I'm looking for ways to prevent indexing of parts of a page. Specifically, comments on a page, since they weigh up entries a lot based on what users have written. This makes a Google search on the page return lots of irrelevant pages.

Here are the options I'm considering so far:

1) Load comments using JavaScript to prevent search engines from seeing them.

2) Use user agent sniffing to simply not output comments for crawlers.

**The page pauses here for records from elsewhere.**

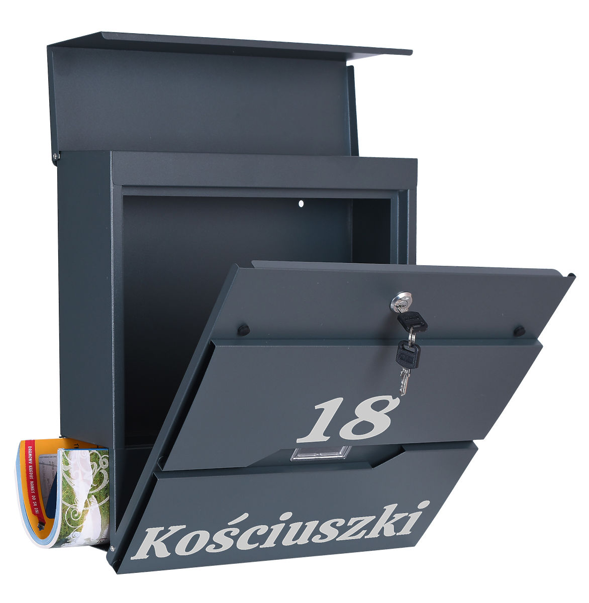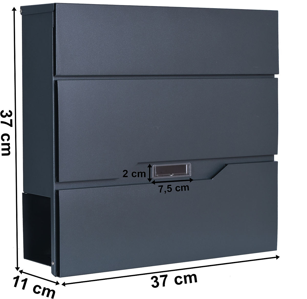 Stylowa i funkcjonalna skrzynka na listy, która łączy nowoczesny design z trwałością! Wymiary 37 x 37 x 11 cm, solidna stal ocynkowana z powłoką proszkową i odporność na warunki atmosferyczne zapewniają, że jest idealna do użytku na zewnątrz i wewnątrz. Praktyczne okienko adresowe pozwala natychmiast zobaczyć oczekującą korespondencję. Otwór na listy 33 x 3,5 cm, dodatkowe miejsce na gazety i zamknięcie na klucz – skrzynka Vidar to bezpieczeństwo i wygoda!
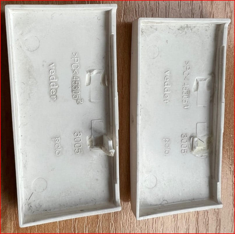 Znalazłem w sieci archiwalne wyniki zakupu produktów serii HAGER POLO OPTIMA VEDDER sprzed trzech i czterech lat. Co prawda, nie klawiszy jak na zdjęciach, ale jednak tej linii produktowej. Napisy na wewnętrznej stronie nie kłamały i chyba jednak były wskazówką.
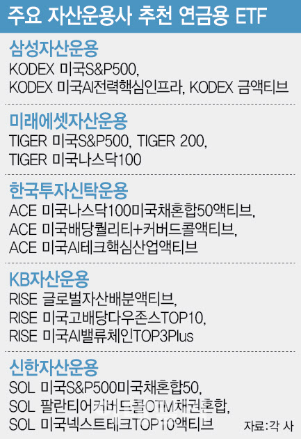 인공지능(AI)을 테마로 하는 ETF도 연금계좌 추천 상품으로 꼽혔다. 삼성운용은 AI 시대 글로벌 전력 수요가 늘어나는 국면에서 수혜를 볼 수 있는 ‘KODEX 미국AI전력핵심인프라’를, KB운용은 미국 기업 중 AI 밸류체인별로 핵심 기업에 투자하는 ‘RISE 미국AI밸류체인TOP3Plus’를 추천했다.

3) Use search engine-specific markup to hide parts of the page. This solution seems quirky at best, though. Allegedly, this can be done to prevent Yahoo! indexing specific content:

<div class="robots-nocontent">
This content will not be indexed!
</div>

Which is a very ugly way to do it. I read about a Google solution that looks better, but I believe it only works with Google Search Appliance (can someone confirm this?):

<!--googleoff: all-->
This content will not be indexed!
<!--googleon: all-->

Does anyone have other methods to recommend? Which of the three above would be the best way to go? Personally, I'm leaning towards #2 since while it might not work for all search engines, it's easy to target the biggest ones. And it has no side-effect on users, unless they're deliberately trying to impersonate a web crawler.

Blixt
  • 49,547
  • 13
  • 120
  • 153
  • What about displaying your comments in an iframe (essentially another page altogether)? – Klaus Byskov Pedersen Dec 29 '09 at 09:40
  • It might work, if that page is specified as not to be indexed by search engines... But it feels like a very round-about way of doing it... I was never a fan of iframes. – Blixt Dec 29 '09 at 09:42
  • "This makes a Google search on the page return lots of irrelevant pages." What do you mean by "Google search on the page"? The page should show up in Google results when it matches the search query - are you worried that your page will show up too often? – Jørn Schou-Rode Dec 29 '09 at 09:45
  • 1
    Ah, maybe I should have clarified. I'm doing a domain-limited search on the page. It's for use with Google's Search API. The problem is that since comments constitute 95% of the content on the site (there are several hundred comments on every blog post), they mess up the search results. Even if I make separate searches for blog posts and the rest of the site, the blog search will still be pretty bad. – Blixt Dec 29 '09 at 09:55

4 Answers4

7

I would go with your JavaScript option. It has two advantages:

1) bots don't see it 2) it would speed up your page load time (load the comments asynchronously and unobtrusively, e.g. via jQuery) ... page load times have a much underrated positive effect on your search rankings

autonomatt
  • 4,393
  • 4
  • 27
  • 36
  • 2
    Not strictly true any more - the major search engines now can and do crawl javascript. – Bob C Jul 04 '13 at 14:21
  • 1
    Provided you load the comments async, this has to be the way to go. As Bob said, a lot of bots (including Google's) do run some limited JavaScript. But I bet they won't do the ajax and index the result as part of the page. – T.J. Crowder Jul 13 '13 at 13:12
4

Javascript is an option but engines are getting better at reading javascript, to be honest I think your thinking too much into it, Engines love unique content, the more content you have on each page the better and if the users are providing it... its the holy grail.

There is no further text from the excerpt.